- **Exercise requirements**: Could every line below be written out exactly as it appears?

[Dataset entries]
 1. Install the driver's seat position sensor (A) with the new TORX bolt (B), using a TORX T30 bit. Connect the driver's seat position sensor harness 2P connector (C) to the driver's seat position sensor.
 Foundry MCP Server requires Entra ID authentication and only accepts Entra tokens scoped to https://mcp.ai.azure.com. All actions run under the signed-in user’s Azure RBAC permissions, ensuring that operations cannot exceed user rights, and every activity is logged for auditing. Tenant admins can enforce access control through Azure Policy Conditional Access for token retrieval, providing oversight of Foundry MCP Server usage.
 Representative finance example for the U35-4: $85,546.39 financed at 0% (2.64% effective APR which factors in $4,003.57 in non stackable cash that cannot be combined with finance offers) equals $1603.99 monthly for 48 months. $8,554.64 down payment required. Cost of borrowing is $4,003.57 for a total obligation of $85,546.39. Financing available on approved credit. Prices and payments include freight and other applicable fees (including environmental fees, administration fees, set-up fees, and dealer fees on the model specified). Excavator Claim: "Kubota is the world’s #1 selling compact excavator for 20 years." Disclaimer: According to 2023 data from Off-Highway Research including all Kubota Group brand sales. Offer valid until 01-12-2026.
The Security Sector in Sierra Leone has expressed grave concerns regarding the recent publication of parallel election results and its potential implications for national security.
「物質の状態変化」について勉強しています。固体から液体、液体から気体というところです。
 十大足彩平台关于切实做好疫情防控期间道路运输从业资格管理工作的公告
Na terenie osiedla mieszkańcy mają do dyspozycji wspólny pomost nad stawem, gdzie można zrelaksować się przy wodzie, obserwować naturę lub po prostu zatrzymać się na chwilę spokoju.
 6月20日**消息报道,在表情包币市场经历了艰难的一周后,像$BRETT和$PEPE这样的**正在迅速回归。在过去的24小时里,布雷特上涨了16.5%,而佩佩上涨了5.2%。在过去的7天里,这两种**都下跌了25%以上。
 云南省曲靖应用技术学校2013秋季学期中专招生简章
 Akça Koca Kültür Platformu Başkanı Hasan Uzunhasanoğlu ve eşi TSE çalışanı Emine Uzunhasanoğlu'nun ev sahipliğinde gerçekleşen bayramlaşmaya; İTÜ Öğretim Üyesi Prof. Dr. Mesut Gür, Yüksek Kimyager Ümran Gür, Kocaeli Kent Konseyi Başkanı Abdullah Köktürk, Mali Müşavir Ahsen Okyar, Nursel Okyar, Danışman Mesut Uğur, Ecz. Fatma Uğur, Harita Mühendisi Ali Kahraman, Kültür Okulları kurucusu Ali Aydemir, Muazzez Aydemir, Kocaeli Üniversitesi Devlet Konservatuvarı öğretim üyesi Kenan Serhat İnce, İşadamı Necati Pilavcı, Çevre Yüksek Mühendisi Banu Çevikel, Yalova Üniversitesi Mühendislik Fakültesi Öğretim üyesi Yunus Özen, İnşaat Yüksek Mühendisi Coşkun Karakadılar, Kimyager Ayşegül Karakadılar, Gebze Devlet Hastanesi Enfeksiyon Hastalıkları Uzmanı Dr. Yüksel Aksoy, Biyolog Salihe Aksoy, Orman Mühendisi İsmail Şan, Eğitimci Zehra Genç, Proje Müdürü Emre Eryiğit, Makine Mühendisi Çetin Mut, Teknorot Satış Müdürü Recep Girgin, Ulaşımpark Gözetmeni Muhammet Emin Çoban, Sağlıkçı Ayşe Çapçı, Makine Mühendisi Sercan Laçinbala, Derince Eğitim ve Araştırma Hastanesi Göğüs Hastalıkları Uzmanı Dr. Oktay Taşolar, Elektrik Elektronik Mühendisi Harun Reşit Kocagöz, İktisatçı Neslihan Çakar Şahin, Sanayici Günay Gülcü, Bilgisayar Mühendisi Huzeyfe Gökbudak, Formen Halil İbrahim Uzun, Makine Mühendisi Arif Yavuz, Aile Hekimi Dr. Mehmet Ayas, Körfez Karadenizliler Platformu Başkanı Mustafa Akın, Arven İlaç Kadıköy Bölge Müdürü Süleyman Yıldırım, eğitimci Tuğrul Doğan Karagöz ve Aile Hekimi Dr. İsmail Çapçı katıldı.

- **Written solution**:
 1. Install the driver's seat position sensor (A) with the new TORX bolt (B), using a TORX T30 bit. Connect the driver's seat position sensor harness 2P connector (C) to the driver's seat position sensor.
 Foundry MCP Server requires Entra ID authentication and only accepts Entra tokens scoped to https://mcp.ai.azure.com. All actions run under the signed-in user’s Azure RBAC permissions, ensuring that operations cannot exceed user rights, and every activity is logged for auditing. Tenant admins can enforce access control through Azure Policy Conditional Access for token retrieval, providing oversight of Foundry MCP Server usage.
 Representative finance example for the U35-4: $85,546.39 financed at 0% (2.64% effective APR which factors in $4,003.57 in non stackable cash that cannot be combined with finance offers) equals $1603.99 monthly for 48 months. $8,554.64 down payment required. Cost of borrowing is $4,003.57 for a total obligation of $85,546.39. Financing available on approved credit. Prices and payments include freight and other applicable fees (including environmental fees, administration fees, set-up fees, and dealer fees on the model specified). Excavator Claim: "Kubota is the world’s #1 selling compact excavator for 20 years." Disclaimer: According to 2023 data from Off-Highway Research including all Kubota Group brand sales. Offer valid until 01-12-2026.
The Security Sector in Sierra Leone has expressed grave concerns regarding the recent publication of parallel election results and its potential implications for national security.
「物質の状態変化」について勉強しています。固体から液体、液体から気体というところです。
 十大足彩平台关于切实做好疫情防控期间道路运输从业资格管理工作的公告
Na terenie osiedla mieszkańcy mają do dyspozycji wspólny pomost nad stawem, gdzie można zrelaksować się przy wodzie, obserwować naturę lub po prostu zatrzymać się na chwilę spokoju.
 6月20日**消息报道,在表情包币市场经历了艰难的一周后,像$BRETT和$PEPE这样的**正在迅速回归。在过去的24小时里,布雷特上涨了16.5%,而佩佩上涨了5.2%。在过去的7天里,这两种**都下跌了25%以上。
 云南省曲靖应用技术学校2013秋季学期中专招生简章
 Akça Koca Kültür Platformu Başkanı Hasan Uzunhasanoğlu ve eşi TSE çalışanı Emine Uzunhasanoğlu'nun ev sahipliğinde gerçekleşen bayramlaşmaya; İTÜ Öğretim Üyesi Prof. Dr. Mesut Gür, Yüksek Kimyager Ümran Gür, Kocaeli Kent Konseyi Başkanı Abdullah Köktürk, Mali Müşavir Ahsen Okyar, Nursel Okyar, Danışman Mesut Uğur, Ecz. Fatma Uğur, Harita Mühendisi Ali Kahraman, Kültür Okulları kurucusu Ali Aydemir, Muazzez Aydemir, Kocaeli Üniversitesi Devlet Konservatuvarı öğretim üyesi Kenan Serhat İnce, İşadamı Necati Pilavcı, Çevre Yüksek Mühendisi Banu Çevikel, Yalova Üniversitesi Mühendislik Fakültesi Öğretim üyesi Yunus Özen, İnşaat Yüksek Mühendisi Coşkun Karakadılar, Kimyager Ayşegül Karakadılar, Gebze Devlet Hastanesi Enfeksiyon Hastalıkları Uzmanı Dr. Yüksel Aksoy, Biyolog Salihe Aksoy, Orman Mühendisi İsmail Şan, Eğitimci Zehra Genç, Proje Müdürü Emre Eryiğit, Makine Mühendisi Çetin Mut, Teknorot Satış Müdürü Recep Girgin, Ulaşımpark Gözetmeni Muhammet Emin Çoban, Sağlıkçı Ayşe Çapçı, Makine Mühendisi Sercan Laçinbala, Derince Eğitim ve Araştırma Hastanesi Göğüs Hastalıkları Uzmanı Dr. Oktay Taşolar, Elektrik Elektronik Mühendisi Harun Reşit Kocagöz, İktisatçı Neslihan Çakar Şahin, Sanayici Günay Gülcü, Bilgisayar Mühendisi Huzeyfe Gökbudak, Formen Halil İbrahim Uzun, Makine Mühendisi Arif Yavuz, Aile Hekimi Dr. Mehmet Ayas, Körfez Karadenizliler Platformu Başkanı Mustafa Akın, Arven İlaç Kadıköy Bölge Müdürü Süleyman Yıldırım, eğitimci Tuğrul Doğan Karagöz ve Aile Hekimi Dr. İsmail Çapçı katıldı.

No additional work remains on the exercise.